I am not a native Tennessean, but I attended UT. The other UT—the University of Texas at Austin–with the other shade of orange. I lived in Austin for 10 years, during law school and for a period after I retired from practicing law, and one of my children graduated from that other UT, so I am pretty familiar with the goings-on at what the Burnt Orange crowd calls the Forty Acres, home of the Longhorns. It’s a microcosm of what is happening at “elite” universities all around the country: identity politics, critical race theory, “social justice,” intersectionality, the LGBTQ agenda, and all the rest of the leftist indoctrination masquerading as higher education.
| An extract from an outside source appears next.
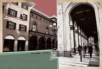 Bestelle das digitale Kunst Bild Retro-Postkarte von Bologna von Ariadna de Raadt-Goldberg als Kunstdruck auf Leinwand, Alu-Dibond, als Poster, Fototapete oder Acrylglasbild.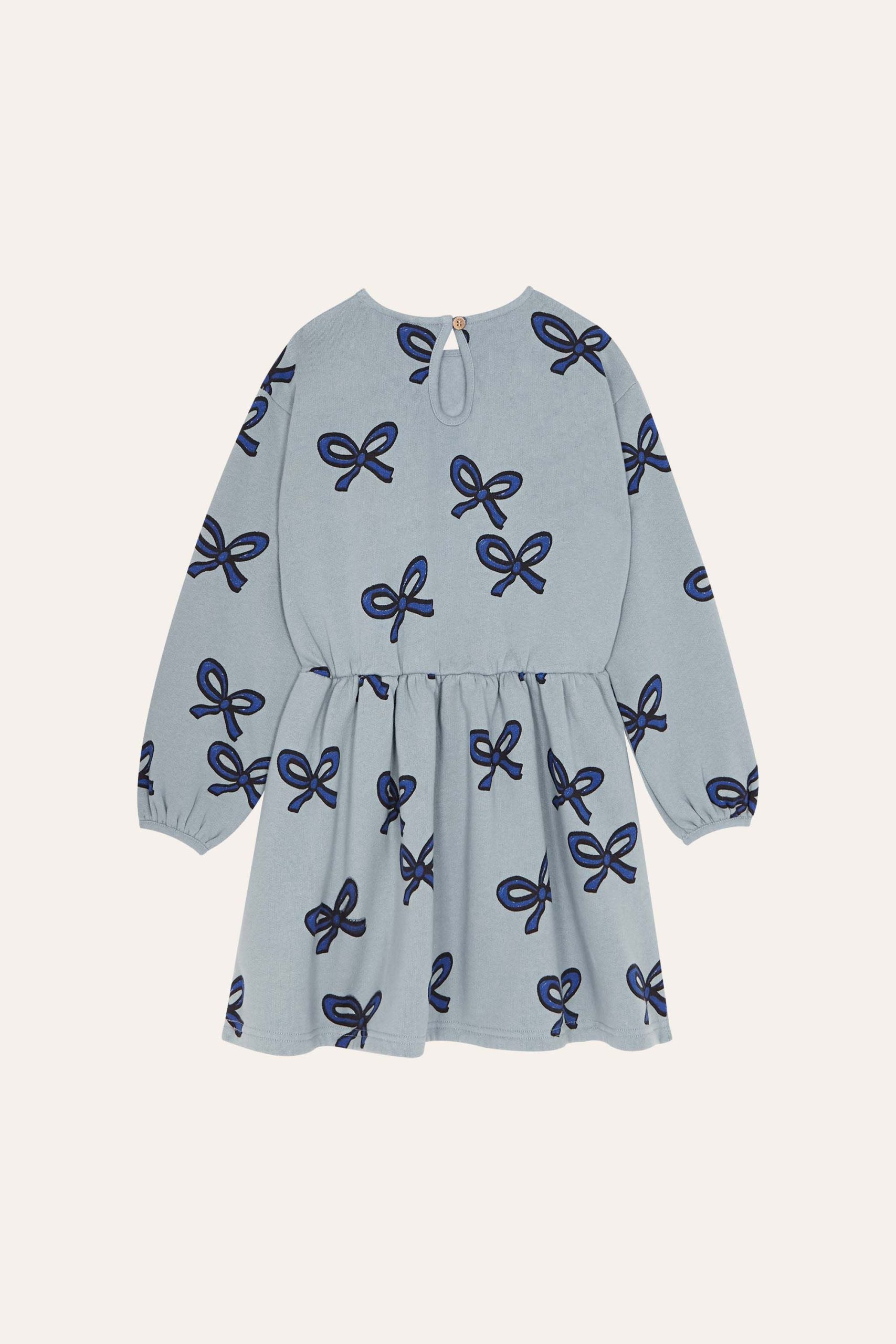 Cette robe est l’accessoire idéal pour habiller tes looks! Avec son imprimé de rubans bleu foncé et son coloris bleu clair, elle est prête pour te faire jouer dans la cour des grands!

The administration and most of the faculty at the other UT are completely out of step with the voters and taxpayers in Texas who pay their often-exorbitant salaries. So long as they comply with state and federal law, private colleges can do whatever they want—subject to finding parents willing to pay the tuition or students willing to borrow money to pay it—but state schools should represent (or at least not insult) the state’s taxpayers, who foot the bill.

I wrote many articles about hijinks at my alma mater for national publications, and the need for reform, but a few years ago I concluded that a social media campaign directed at alumni of the other UT would be more likely to generate political pushback where it is needed—in the Texas capital. Like most public universities, the other UT is governed by a Board of Regents appointed by the (Republican) Governor, and relies on appropriations from the (Republican-controlled) Legislature. So, I started a Facebook page, “Stop the Insanity at UT,” which now has almost 2,600 followers.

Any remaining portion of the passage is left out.